The NIEHS Program-Project: Lipid Peroxidation and Antioxidant Mechanisms brings together four experienced investigators who share an interest in the free radical chemistry and biology of lipids, peroxidation, antioxidants and mechanisms of cellular injury and protection. Environmental stress and lifestyle play an important role in diseases that contribute significantly to mortality in the United States. Cigarette smoking, alcohol consumption and poor diet combine with other environmental factors to affect the incidence of several diseases. The formation of oxidants is a hallmark of many of these diseases and lipid peroxidation is a common result of diverse environmental insults. Indeed, oxidative stress has been closely associated with the onset of pathologies as diverse as cancer and cardiovascular disease. Both chemical and physical factors in the environment promote lipid peroxidation and oxidative damage in biological systems. These processes lead to organ dysfunction, genotoxicity, and disease. Nevertheless, the underlying mechanisms linking environmental stresses with disease pathogenesis remain obscure. The studies proposed here will identify mechanisms of oxidative damage and injury for a variety of lipid precursors. This Program Project includes four research projects and one instrument core (proteomics/mass spectrometry) in a tightly knit group that will provide important insights into the role that oxidation and antioxidants play in human pathophysiology.
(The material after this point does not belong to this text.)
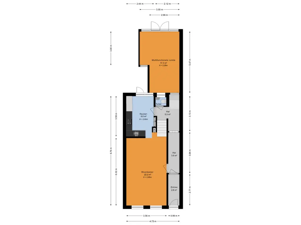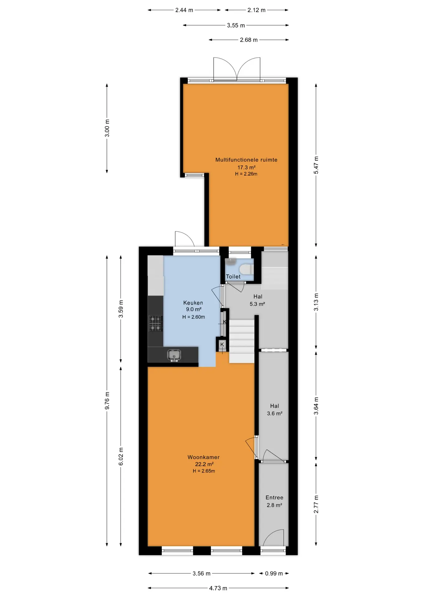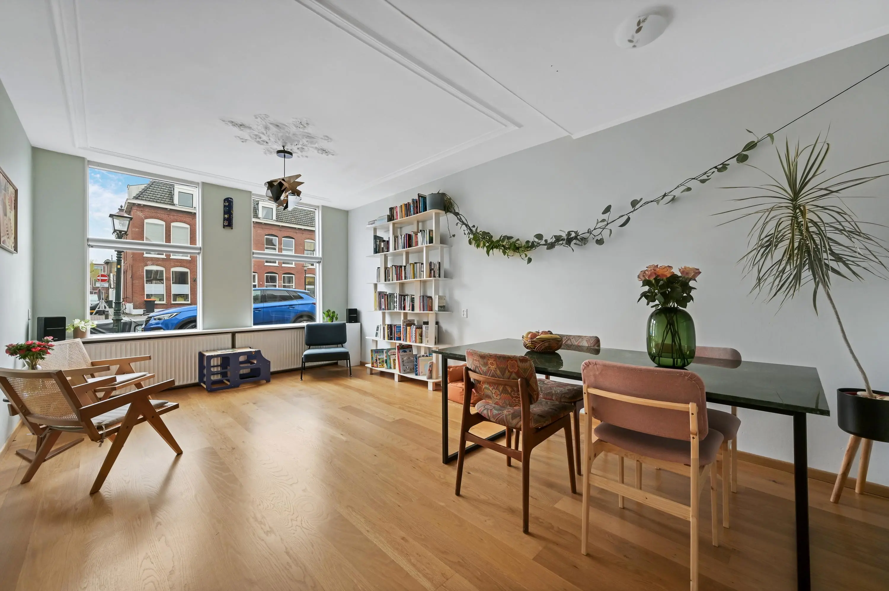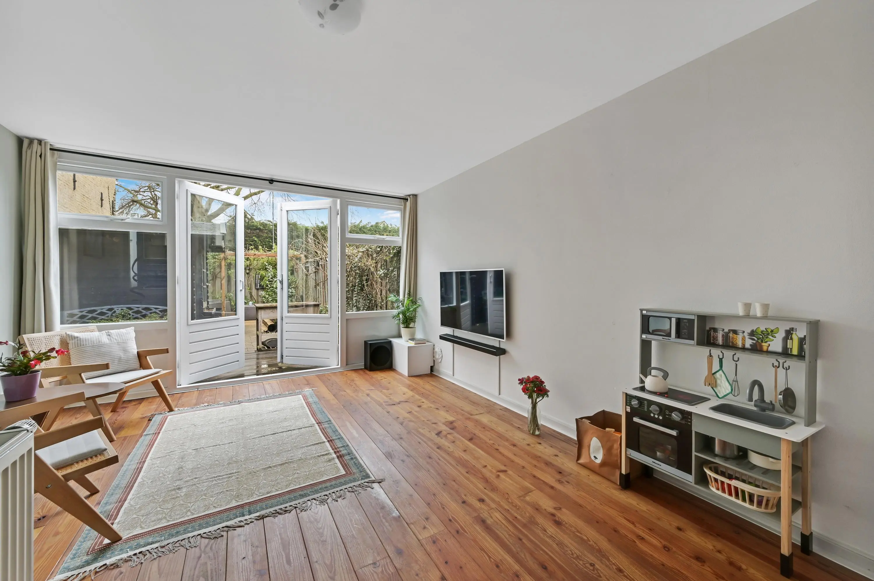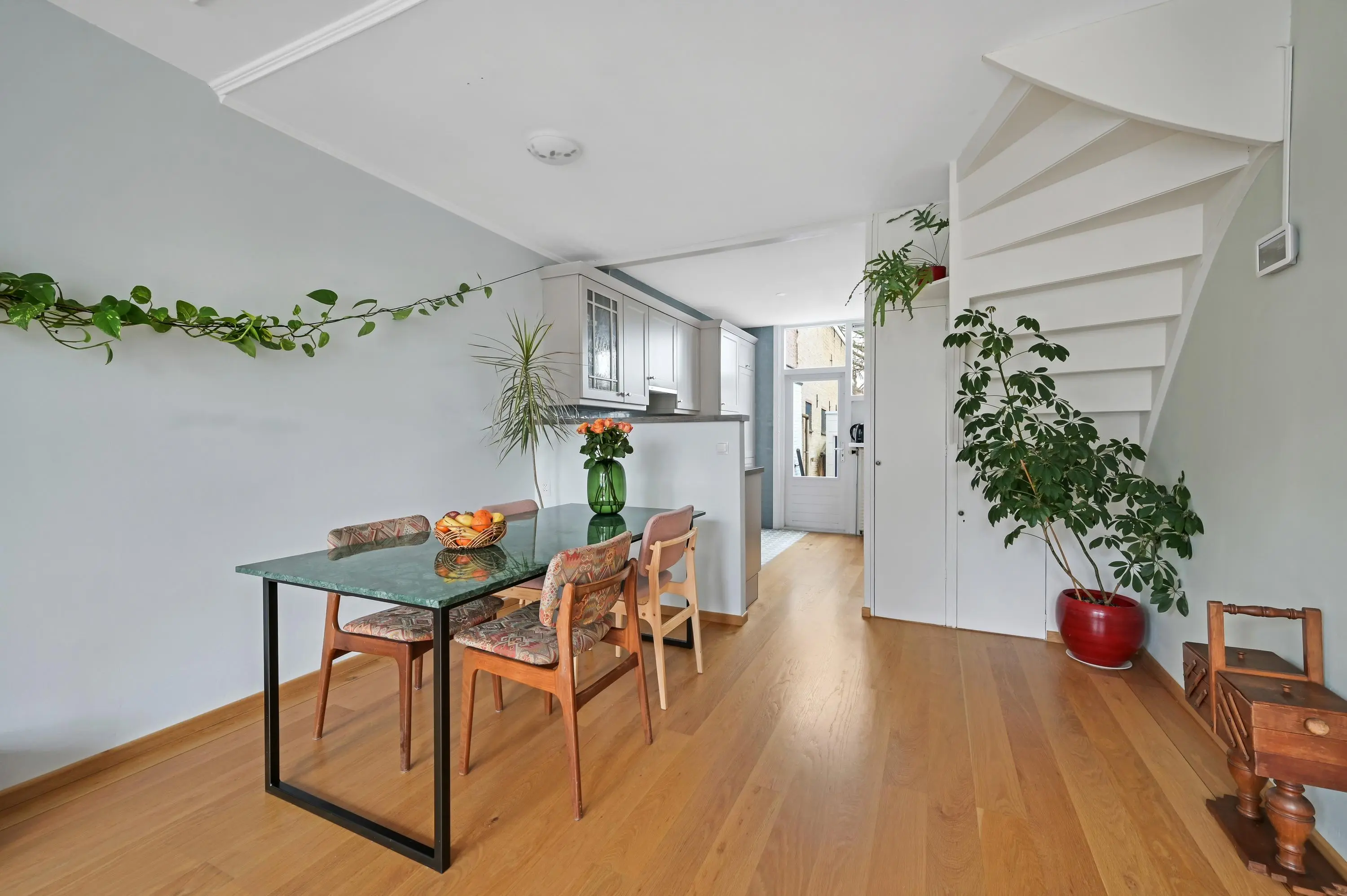 Via de entree kom je in de hal met meterkast en toegang tot de lichte en sfeervolle woonkamer met halfopen keuken. Aan de voorzijde zorgen de grote, kamerhoge ramen voor een prachtige lichtinval en een vrij uitzicht over de Noordvliet. Deze raampartijen dragen bovendien bij aan een aangename temperatuur in huis, doordat ze op zonnige dagen extra warmte binnenlaten.

Project 1 tests the hypothesis that the peroxidation of different lipid classes and molecular species has dramatically different consequences and lays out protocols for obtaining profiles of important products formed in peroxidation. Project 2 explores the chemistry and biology of eicosapentaenoic acid (EPA), a fatty acid prominent in fish oil, and explores the hypothesis that EPA oxidation products may contribute significantly to the biological properties of this fatty acid. Project 3 explores the chemistry and biology of electrophiles formed in lipid peroxidation by the use of high throughput screens and identifies protein targets of these electrophiles. Project 4 suggests that secondary electrophilic products of lipid oxidation play critical roles in oxidant-associated molecular pathologies and explores methodologies for identification and analysis of protein adducts of these electrophiles. All of the projects are highly collaborative and are highly dependent on the facility cores.

National Institute of Health (NIH)
National Institute of Environmental Health Sciences (NIEHS)
Research Program Projects (P01)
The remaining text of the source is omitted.